• EXTRACTED INFORMATION:

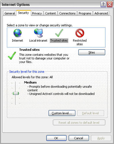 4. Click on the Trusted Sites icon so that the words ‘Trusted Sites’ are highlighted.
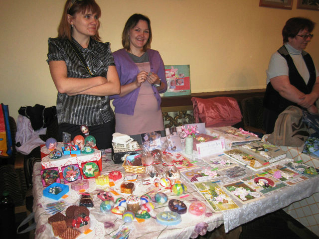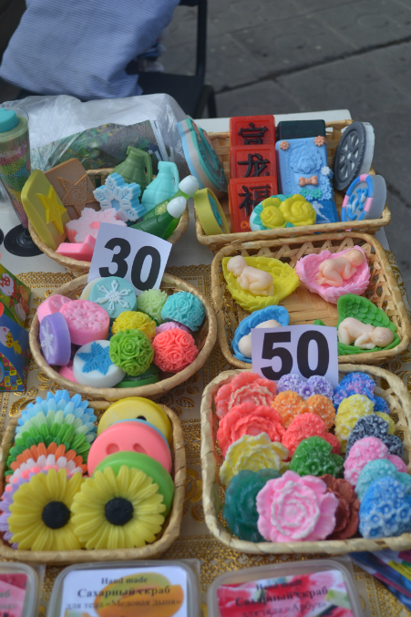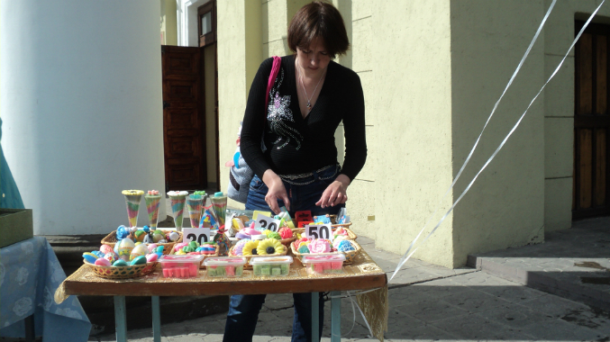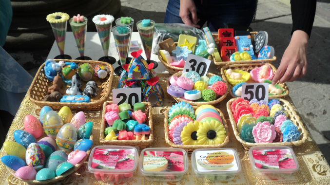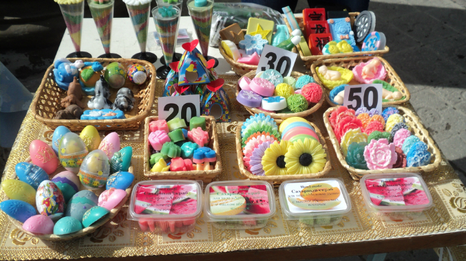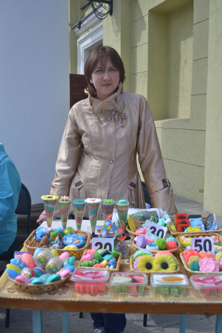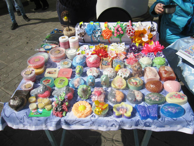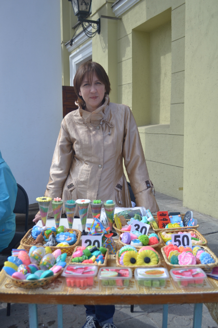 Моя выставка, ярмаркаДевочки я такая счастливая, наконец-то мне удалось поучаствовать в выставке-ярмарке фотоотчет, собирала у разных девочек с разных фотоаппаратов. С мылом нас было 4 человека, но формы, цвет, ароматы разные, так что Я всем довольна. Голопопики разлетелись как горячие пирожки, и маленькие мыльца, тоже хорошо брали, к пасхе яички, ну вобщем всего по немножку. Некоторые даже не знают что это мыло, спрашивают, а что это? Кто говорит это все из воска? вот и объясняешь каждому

==

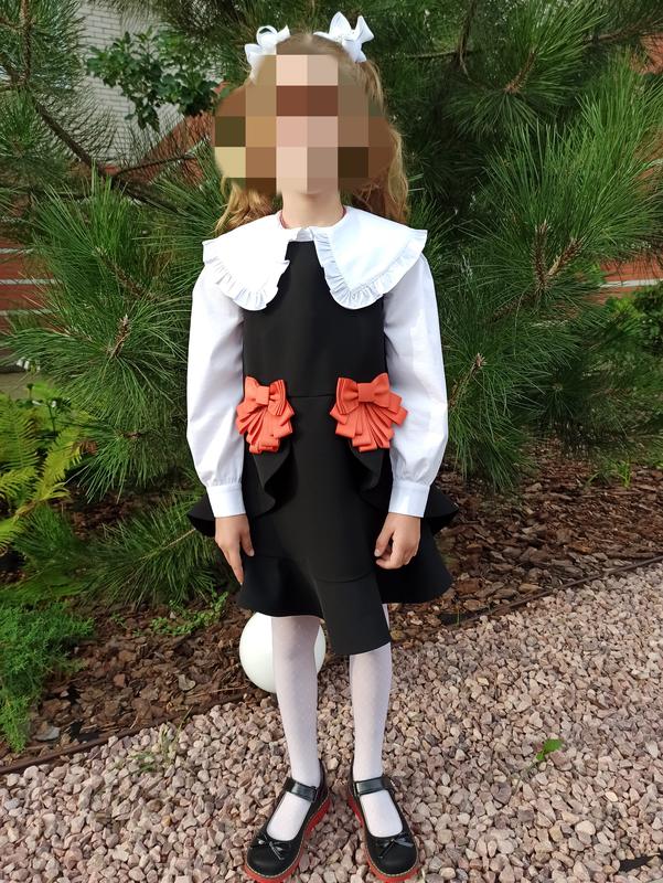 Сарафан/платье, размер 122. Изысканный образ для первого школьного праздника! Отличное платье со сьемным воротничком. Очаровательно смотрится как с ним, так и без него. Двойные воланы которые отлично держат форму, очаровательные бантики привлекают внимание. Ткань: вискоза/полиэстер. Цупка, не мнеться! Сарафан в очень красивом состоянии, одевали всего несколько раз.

• WHAT THE TASK ASKS: Beginning with the line above that contains "4. Click on" and finishing with the line that contains "Моя выставка, ярмаркаДевочки", print those lines exactly and only. Skip all pictures.

• PROBLEM SOLUTION:
 4. Click on the Trusted Sites icon so that the words ‘Trusted Sites’ are highlighted.
 Моя выставка, ярмаркаДевочки я такая счастливая, наконец-то мне удалось поучаствовать в выставке-ярмарке фотоотчет, собирала у разных девочек с разных фотоаппаратов. С мылом нас было 4 человека, но формы, цвет, ароматы разные, так что Я всем довольна. Голопопики разлетелись как горячие пирожки, и маленькие мыльца, тоже хорошо брали, к пасхе яички, ну вобщем всего по немножку. Некоторые даже не знают что это мыло, спрашивают, а что это? Кто говорит это все из воска? вот и объясняешь каждому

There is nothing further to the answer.